Это огорчило вконец Бикея и раздражило его. крайне. «Со стариком нечего делать, подумал он: старик выжил из лет; он дряхл и глуп, а всё-таки отец мой; но мне ответ держать должны братья: они не ребята, и не старичишки, а знают дело и понимают его не хуже меня. А уступить им, я не уступлю: они и так уже, заживо, обокрали и отца и меня, выманили у него что ни есть лучших скакунов то туда, то сюда, и я же остался у них в дураках; а мне именье нужно, нужнее ихнего: я и так уже попромотался немного, да и не доплатил еще Уральцам половину займа, калым Мауляны; срок подходит, они кунаки и дустляры мои, гости и приятели; да если я не сделаюсь с ними в срок, так видно класть им будет после по тринадцати баранов на дюжину. Упрямый старик! За то, что не хочу держать другой жены, что не хочу засватанной им невесты, правит он с меня калым, будто не всё-одно ему, за ту ли, за эту ли он отдал добро свое: и не рассудит, что Мауляну я сам засватал, сам, за свое добро, а не он! А сам он продал сестру что Калмычку, и молчит. И те тоже, Бог их суди, притаились с ним и залегли в заплот, все на меня ж! Так нет, он прав, вишь а я виноват! Добро, всё это братья! джяман-кишиляр, подлецы они; у меня рука на них не подымется, а язык поворотится: буду смеяться им в глаза, буду дурачить их при людях; им стыдно станет, — и, авось, дадут они мне покой!»
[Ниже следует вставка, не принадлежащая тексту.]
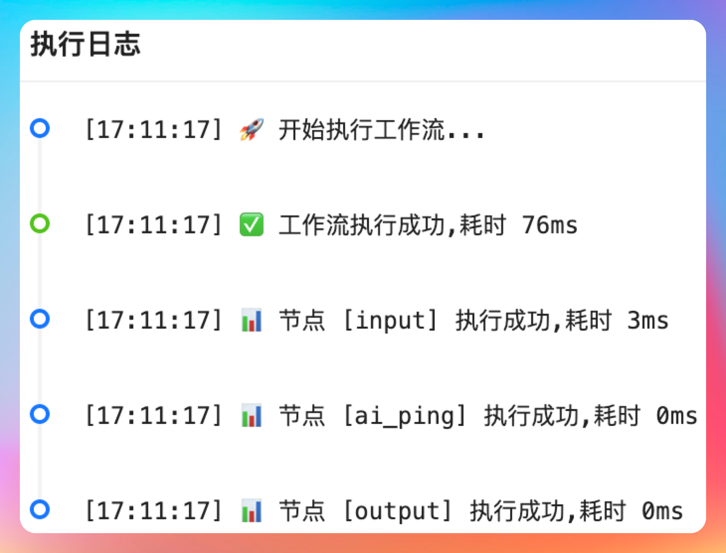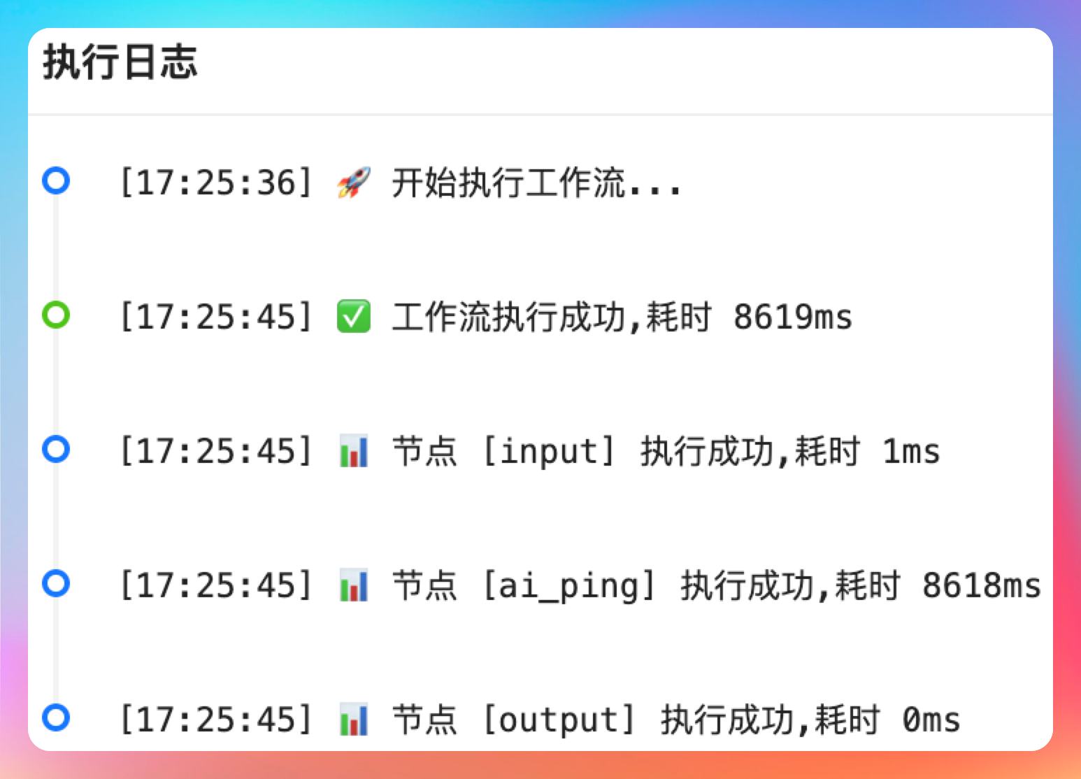 再次运行,发现 AI Ping 节点已经可以正常执行了,这次耗时 8619 毫秒,从时长上判断是没问题的。

Прошло несколько времени и Исянгильди назначал в стадах и табунах своих участки сыновьям: из доли Бикея братья выбрали себе, с согласия отца, любую сотню голов крупного скота, и объявили их своими. Столько, утверждали они, старик дал калыму за первую невесту Бикея. И здесь опять Бикей был обижен вдвойне; во-первых, [242] несправедливо было взыскивать и вычитать калым этот с него за то, что он не брал другой жены, а во-вторых, Исянгильди никогда ста голов не заплатил Тохтамышу, но почти в четверо менее. Это был один только предлог, чтобы обобрать и обделить Бикея по мере сил и возможности. Но он и тут не вышел из себя и не изменил себе: «Берите, говорил он, смеючись: берите, что хотите; будьте пастухами моими, я вам за это спасибо скажу. Берите и пасите; да только приглядывайте у меня за моим добром исправно: счетом взяли, счетом и отдадите!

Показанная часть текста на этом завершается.